* _What to do_:
An exact restatement of all the data is required, with the pictures left out.

* _Data shown_:
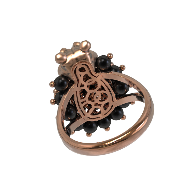 Особый шарм изделию придает богатая инкрустация: композиция включает 26 вставок из оникса черного цвета, выполненных в форме бусин. Глубокий блеск камня эффектно контрастирует с теплым оттенком красного золота. В оформлении также использована ювелирная эмаль, добавляющая разноцветные акценты и глубину общему художественному образу кольца.
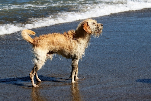 Tag: cane, mare, coda, pelo, acqua, onda, spiaggia, zampe, sabbia, bagnato, animale, bianco, riva, muso, battigia, onde, bagno, marrone, schiuma.
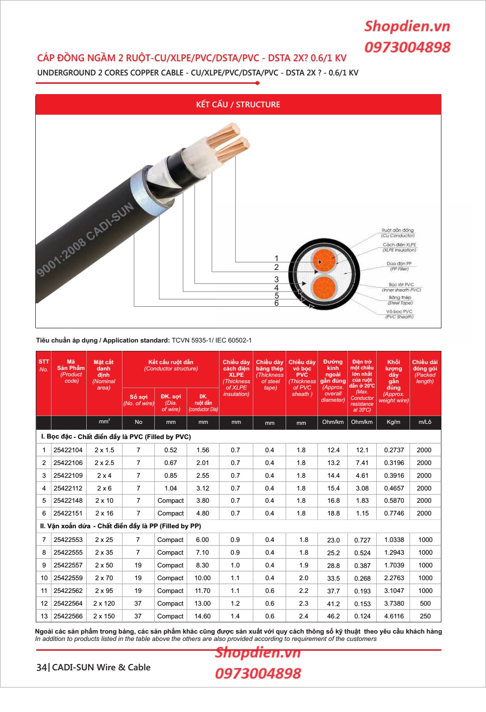 Mã sàn phẩm : Cáp ngầm 2 ruột Cu / XLPE/DSTA/PVC CADISUN CXV-DSTA 2X

* _Written answer_:
 Особый шарм изделию придает богатая инкрустация: композиция включает 26 вставок из оникса черного цвета, выполненных в форме бусин. Глубокий блеск камня эффектно контрастирует с теплым оттенком красного золота. В оформлении также использована ювелирная эмаль, добавляющая разноцветные акценты и глубину общему художественному образу кольца.
 Tag: cane, mare, coda, pelo, acqua, onda, spiaggia, zampe, sabbia, bagnato, animale, bianco, riva, muso, battigia, onde, bagno, marrone, schiuma.
 Mã sàn phẩm : Cáp ngầm 2 ruột Cu / XLPE/DSTA/PVC CADISUN CXV-DSTA 2X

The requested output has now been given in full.